We include a dataset containing 15,653 p-values from articles in 5 biomedical journals (American Journal of Epidemiology, BMJ, Jama, Lancet, New England Journal of Medicine), over 11 years (2000-2010).
This is obtained from web-scraping, using the code at \url{https://github.com/jtleek/swfdr/blob/master/getPvalues.R} and is already loaded in the package.
```{r}
colnames(journals_pVals)
```

A description of the variables in `journals_pVals`can be found on its help page. In particular, `pvalue` gives the p-value, `pvalueTruncated` is a flag for whether it is truncated, `year`  is the year of publication, and `journal` the journal. 
```{r}
table(journals_pVals$year)
table(journals_pVals$journal)
```

### The `calculateSwfdr` function
    
This function estimates the swfdr.
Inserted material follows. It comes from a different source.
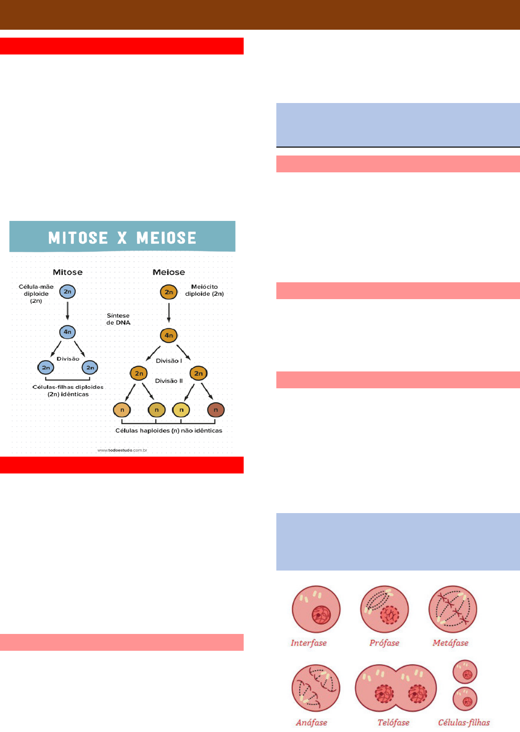 AMANDA FARIA Divisão Celular VISÃO GERAL A divisão celular é o processo de multiplicação de uma célula, esse processo acontece depois da interfase. A divisão pode ser por meio da mitose ou da meiose. Quase todas as células do corpo dividem por mitose, exceto os gametas. Os gametas se dividem por meiose, pois na meiose há a formação de células haploides (n), enquanto na mitose há a formação de células diplóides (2n). Os gametas precisam ser haploides, pois duas células haploides (espermatozoide e óvulo), ao se fundirem na fecundação, formam uma diploide. MITOSE A mitose é o processo pelo qual há produção de células filhas idênticas à célula-mãe. A mitose é um processo que não gera variação genética, mas atua no crescimento, na regeneração etc. Ela possui 4 fases: 1. Prófase; 2. Metáfase; 3. Anáfase; 4. Telófase. PRÓFASE A prófase é a fase em que a carioteca e o núcleo desaparecem. Nessa fase, há a condensação dos cromossomos, ou seja, eles preparam-se para a divisão. Há também uma parada na produção de RNAr e o núcleo começa a se apagar. Outro marco da prófase é a migração dos centríolos para lados opostos da célula, emitindo as fibras do fuso. Essa é a única fase em que é possível visualizar um núcleo e dois centríolos. Alguns medicamentos que são quimioterápicos agem parando a produção do fuso na prófase na mitose, ou seja, impedem a reprodução das células tumorais. METÁFASE Na metáfase, é visto um centríolo de cada lado e os cromossomos permanecem no meio da célula, isso forma a placa equatorial/metafásica. Os cromossomos não são pareados, além disso esse é o momento de maior condensação desses cromossomos, sendo a melhor fase para visualizá-los. ANÁFASE A anáfase é a fase em que as fibras do centríolo recuam e cada cromátide vai para um lado, separando os cromossomos. Há uma divisão igual de cromossomos para cada lado. TELÓFASE A telófase é a fase com formação dos cromossomos simples, que serão duplicados na fase S. O material genético descondensa, formando a cromatina e a produção de RNAr retorna, voltando a ter nucléolo. As partes da carioteca se organizam formando duas cariotecas, um em cada lado da célula circundando os cromossomos. Além disso, há o início da citocinese. A citocinese é a divisão do citoplasma, a qual pode ser centrípeta (de fora para dentro) ou centrífuga (de dentro para fora). A célula animal faz a centrípeta e a célula vegetal faz a centrífuga. AMANDA FARIA MEIOSE A meiose é o processo de divisão em que se gera células-filhas distintas entre si. Essa divisão é feita duas vezes consecutivas, o que aumenta a diversidade genética, sendo que na primeira divisão, os pares são separados e na segunda divisão, as cromátides são separadas, virando cromátides simples. PRÓFASE I Na prófase I, os cromossomos duplicados condensam e o núcleo se apaga. Ocorre a pareação dos pares homólogos e também há a fragmentação da carioteca, migração dos centríolos e emissão das fibras. A prófase I tem 5 subfases: 1. Leptóteno: condensação dos cromossomos; 2. Zigóteno: pareamento; 3. Paquíteno: crossing over/permutação gênica; 4. Diplóteno: formação dos quiasmas; 5. Diacinese: quiasmas vão paras as pontas. O crossing over é fundamental para a variabilidade genética, isso é a troca de partes entre cromátide, gerando diferentes sequências de genes nos cromossomos. METÁFASE I A metáfase I é a fase em que os centríolos estão nos lados opostos. Nessa fase os pares de cromossomos homólogos duplicados são pareados. ANÁFASE I Na anáfase I, há a separação das cromátides, encurtamento das fibras. As cromátides podem se combinar de diferentes formas, gerando variabilidade genética. TELÓFASE I A telófase I é marcada pelo descondensamento dos cromossomos duplicados. O nucléolo reaparece temporariamente e há a formação da carioteca. Inicia-se a citocinese. MEIOSE II A meiose II é dividida em prófase II, metáfase II, anáfase II e telófase II. Esse processo é igual ao da mitose, porém forma-se ao final 4 células, uma vez que na meiose I formaram-se 2 e essas 2 se dividem novamente na meiose II. A intercinese é o tempo entre a meiose I e meiose II.

It inputs the following parameters:    

* `pValues` Numerical vector of p-values
* `truncated` Vector of 0s and 1s with indices corresponding to those in pValues; 1 indicates that the p-values is truncated, 0 that it is not truncated
* `rounded` Vector of 0s and 1s with indices corresponding to those in pValues; 1 indicates that the p-values is rounded, 0 that it is not rounded
* `pi0` Initial prior probability that a hypothesis is null (default is 0.5)
* `alpha` Initial value of parameter alpha from Beta(alpha, beta) true positive distribution (default is 1)
* `beta` Initial value of parameter beta from Beta(alpha, beta) true positive distribution (default is 50)
* `numEmIterations` The number of EM iterations (default is 100)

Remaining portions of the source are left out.